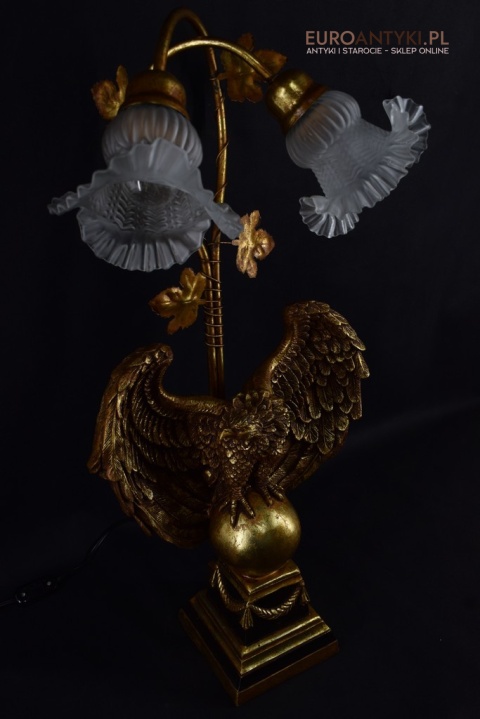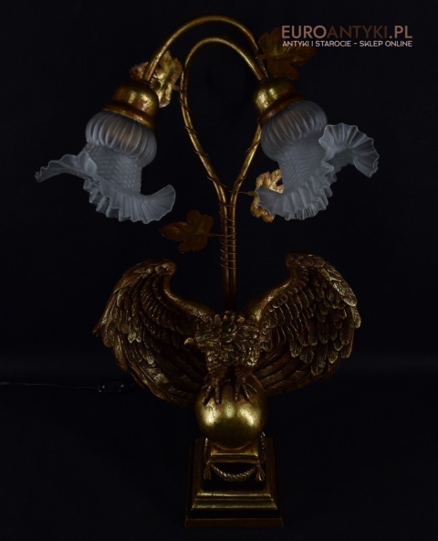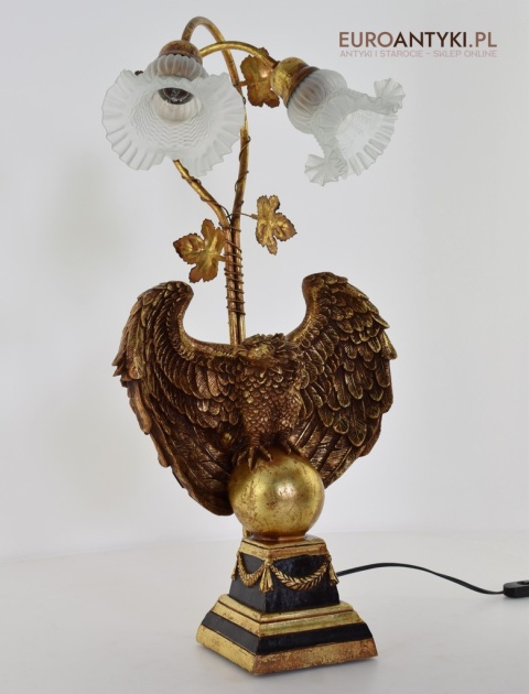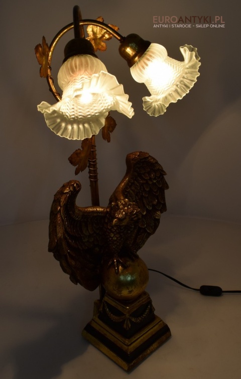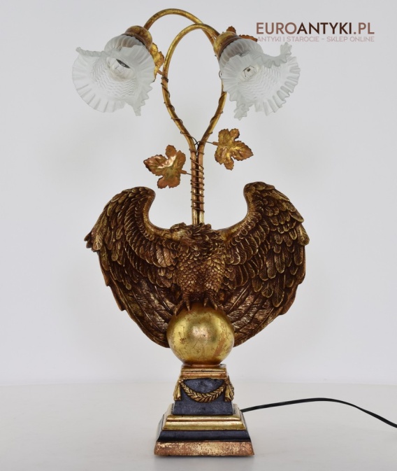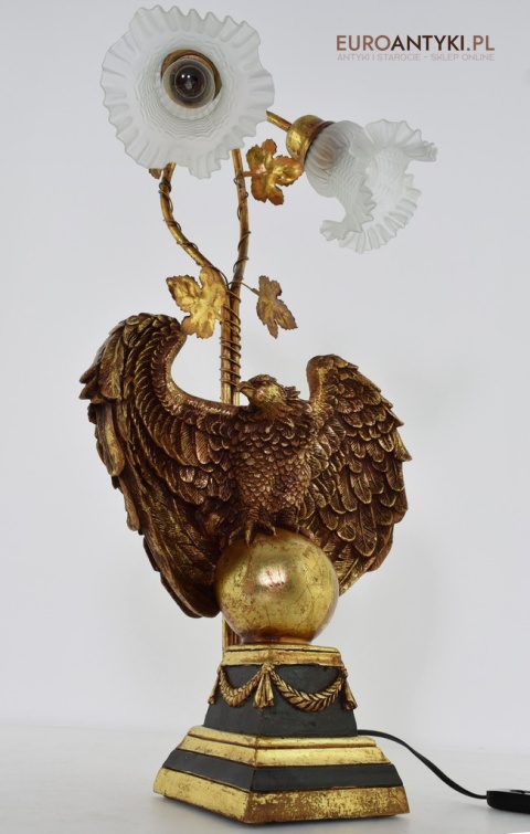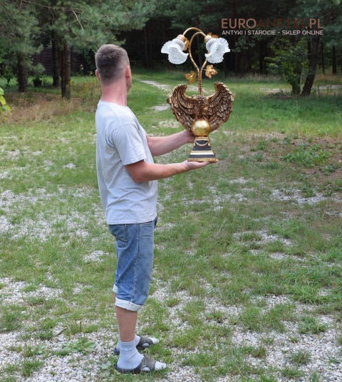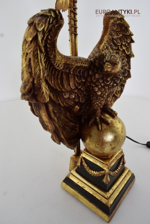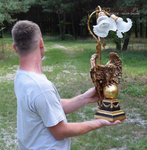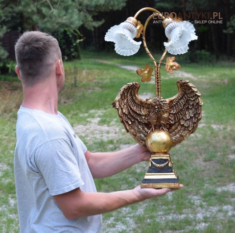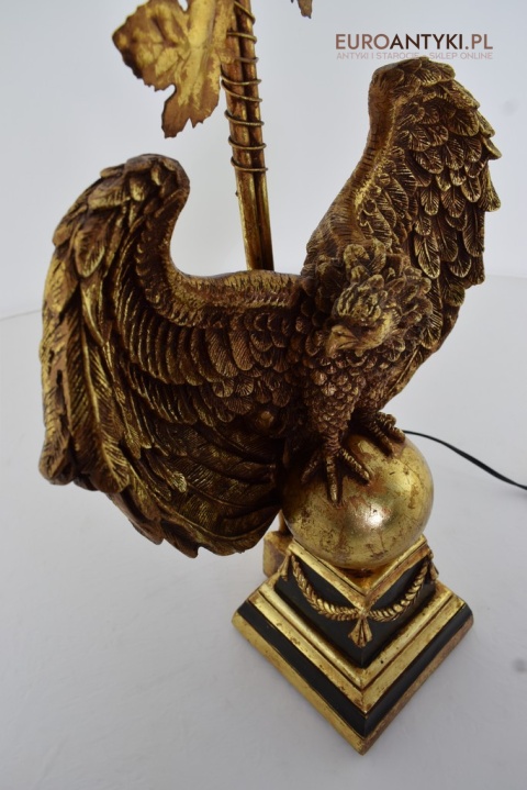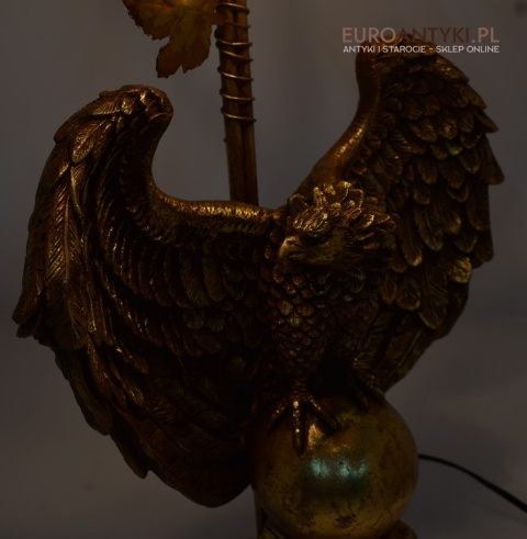 Prezentujemy wyjątkową sprowadzoną z Francji, monumentalną lampę z orłem na cokole, inspirowaną potęgą i majestatem Cesarstwa Rzymskiego. Ta duża i masywna lampa waży aż 4,5 kg, co podkreśla jej solidność i trwałość. Wykonana z wysokiej jakości tworzywa sztucznego i metalu + szklane klosze florystyczne w idealnym stanie. Od nowego została celowo postarzona na stare złoto, zarysowania i inne znaki starości, aby oddać autentyczny, antyczny charakter.
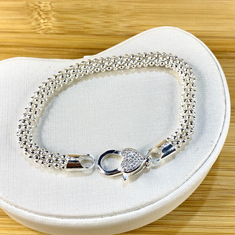 Pulseira em prata 925 no estilo pipocão, com fecho em formato de coração cravejado de zircônias, que une charme e praticidade em uma só peça. Com 19 cm de comprimento, é perfeita para quem busca um acessório elegante e cheio de significado.
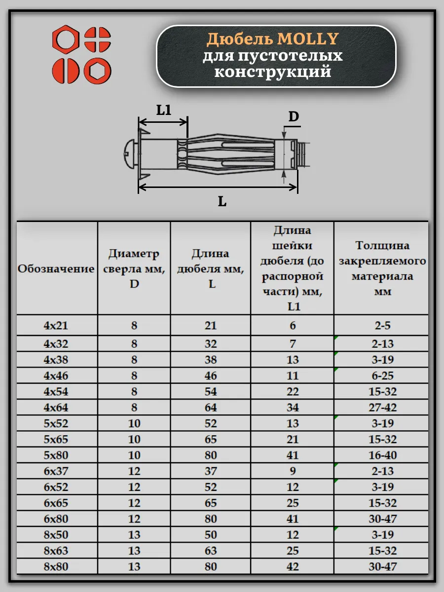 Дюбель MOLLY 6х65 для пустотелых конструкций, 10 шт.
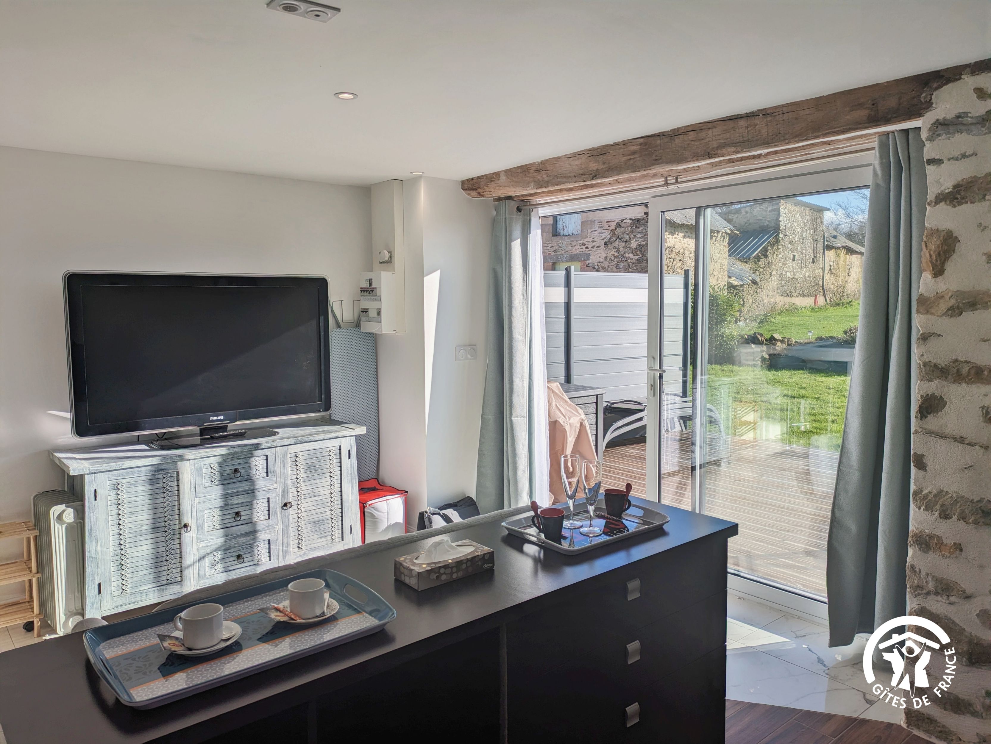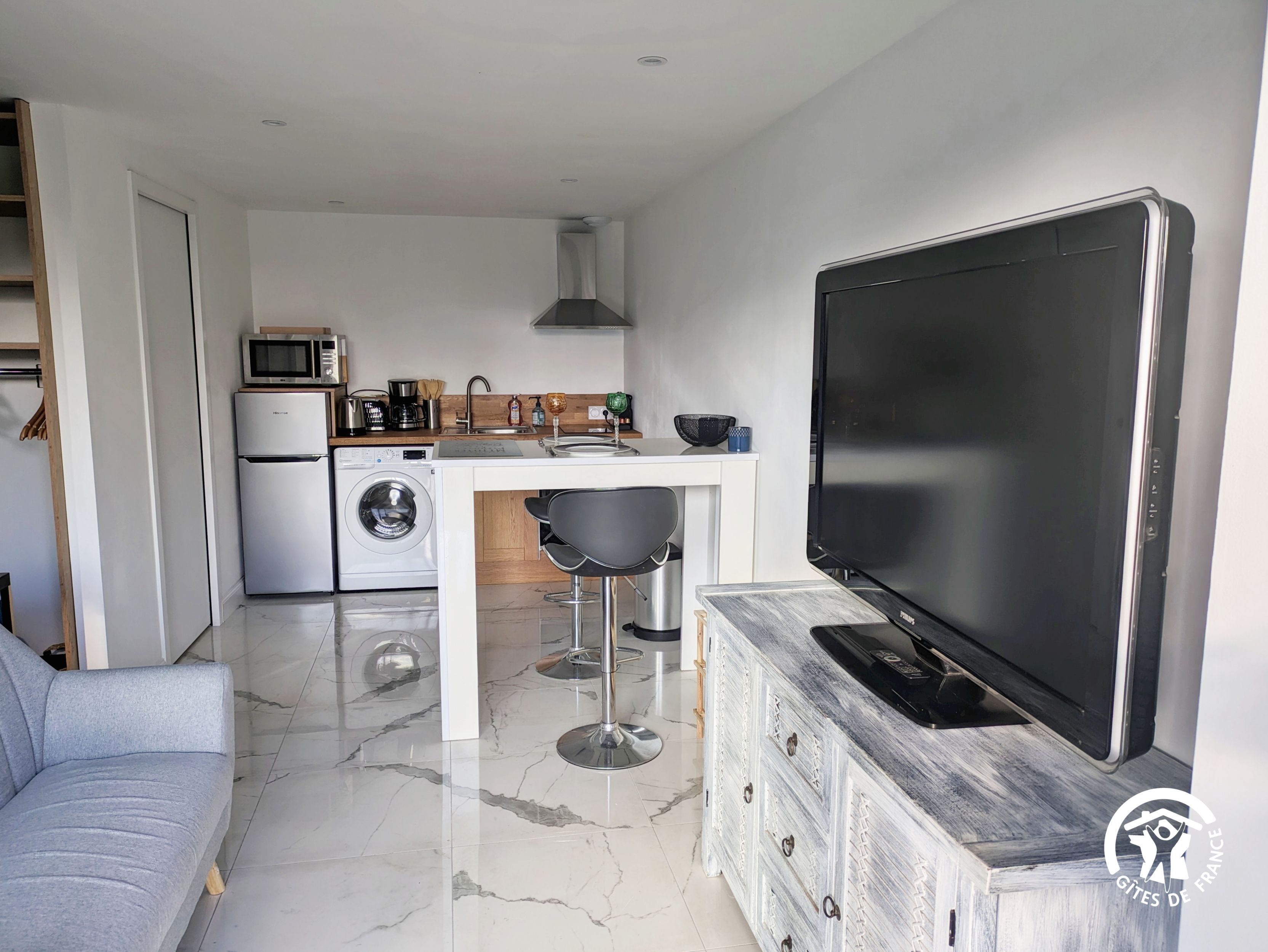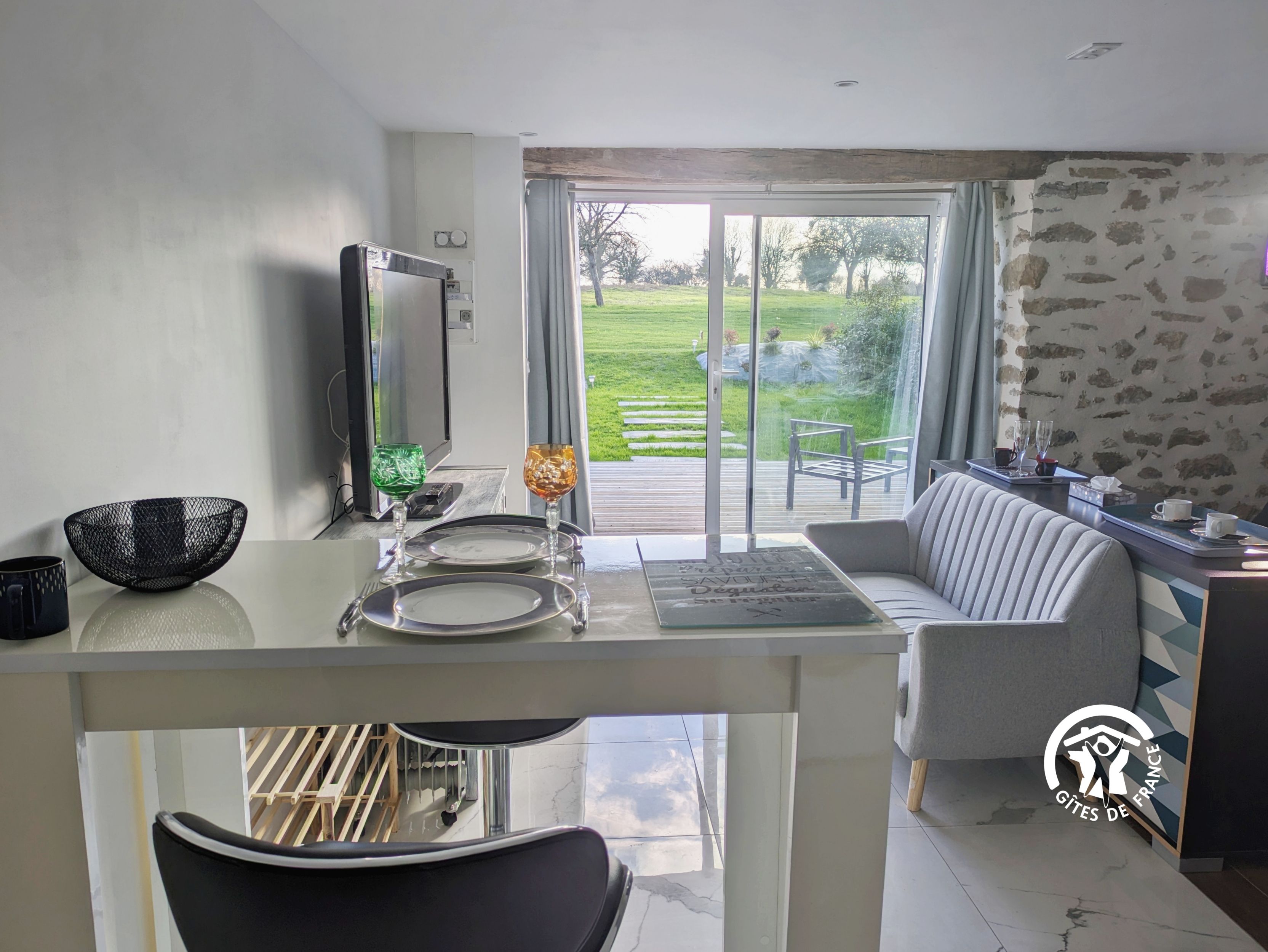 Depuis la terrasse exposée plein sud, vous profiterez d’une vue dégagée sur la campagne environnante invitant au calme et à la détente. Confort assuré grâce aux équipements et services inclus (cuisine équipée, lits faits, linge de toilette fourni, belle literie, grand écran tv).
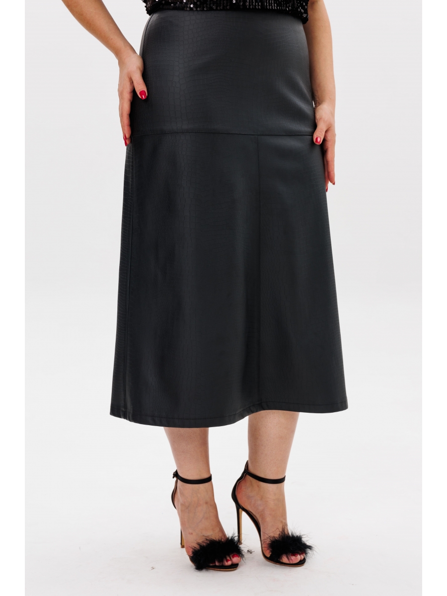 Потайная молния в боковом шве гарантирует аккуратный внешний вид и легкость в надевании. Эко кожа не только улучшает внешний вид, но и придает юбке дополнительную структуру.
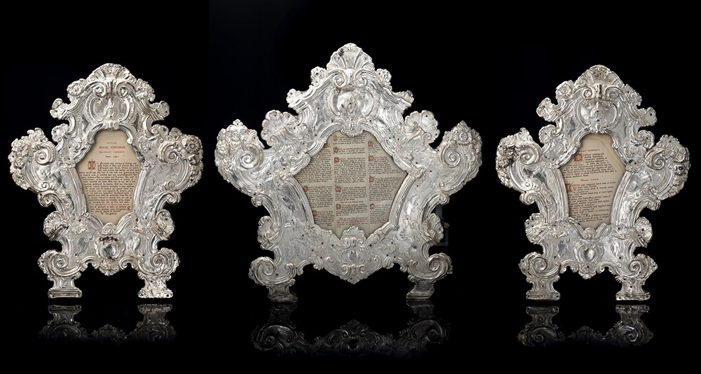 Trittico di cartegloria in argento, sbalzate a volute, motivi floreali, frange zigrinate e conchiglie, con figura di santo entro cartiglio e datario 1774 cesellati; schienale in legno. Repubblica di Venezia, seconda metà secolo XVIII, assaggiatore Zuan Piero Grappiglia. Argentiere Z F. (cm 68x68 ca.; 42x51 ca.) (difetti)
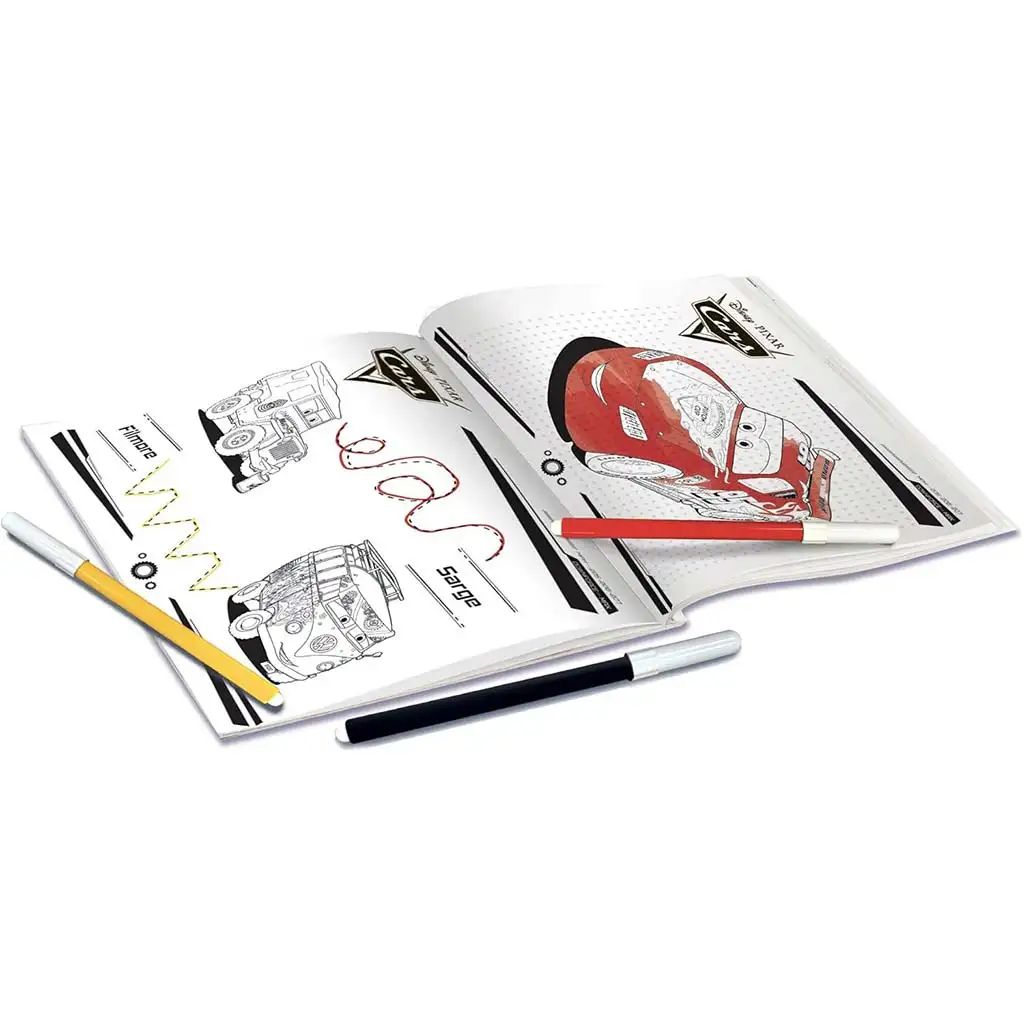 Setul mic de desen Cars este visul copiilor pasionați de mașinuțe, unde, cu ajutorul lui Fulger McQueen, Bucșă și al prietenilor, își pot dezvolta creativitatea și îndemânarea. Setul, inspirat de îndrăgita poveste Disney Pixar, este o alegere ideală începând de la vârsta de 3 ani, deoarece îi introduce pe copii într-un mod jucăuș în lumea desenului, coloratului și trasării liniilor. Formatul său practic, de dimensiune de buzunar, este partenerul perfect atât pentru călătorii, cât și pentru joaca de acasă.

++++++++

(About this exercise) The records above are to be duplicated exactly, pictures left out.

(Response to the exercise)
 Prezentujemy wyjątkową sprowadzoną z Francji, monumentalną lampę z orłem na cokole, inspirowaną potęgą i majestatem Cesarstwa Rzymskiego. Ta duża i masywna lampa waży aż 4,5 kg, co podkreśla jej solidność i trwałość. Wykonana z wysokiej jakości tworzywa sztucznego i metalu + szklane klosze florystyczne w idealnym stanie. Od nowego została celowo postarzona na stare złoto, zarysowania i inne znaki starości, aby oddać autentyczny, antyczny charakter.
 Pulseira em prata 925 no estilo pipocão, com fecho em formato de coração cravejado de zircônias, que une charme e praticidade em uma só peça. Com 19 cm de comprimento, é perfeita para quem busca um acessório elegante e cheio de significado.
 Дюбель MOLLY 6х65 для пустотелых конструкций, 10 шт.
 Depuis la terrasse exposée plein sud, vous profiterez d’une vue dégagée sur la campagne environnante invitant au calme et à la détente. Confort assuré grâce aux équipements et services inclus (cuisine équipée, lits faits, linge de toilette fourni, belle literie, grand écran tv).
 Потайная молния в боковом шве гарантирует аккуратный внешний вид и легкость в надевании. Эко кожа не только улучшает внешний вид, но и придает юбке дополнительную структуру.
 Trittico di cartegloria in argento, sbalzate a volute, motivi floreali, frange zigrinate e conchiglie, con figura di santo entro cartiglio e datario 1774 cesellati; schienale in legno. Repubblica di Venezia, seconda metà secolo XVIII, assaggiatore Zuan Piero Grappiglia. Argentiere Z F. (cm 68x68 ca.; 42x51 ca.) (difetti)
 Setul mic de desen Cars este visul copiilor pasionați de mașinuțe, unde, cu ajutorul lui Fulger McQueen, Bucșă și al prietenilor, își pot dezvolta creativitatea și îndemânarea. Setul, inspirat de îndrăgita poveste Disney Pixar, este o alegere ideală începând de la vârsta de 3 ani, deoarece îi introduce pe copii într-un mod jucăuș în lumea desenului, coloratului și trasării liniilor. Formatul său practic, de dimensiune de buzunar, este partenerul perfect atât pentru călătorii, cât și pentru joaca de acasă.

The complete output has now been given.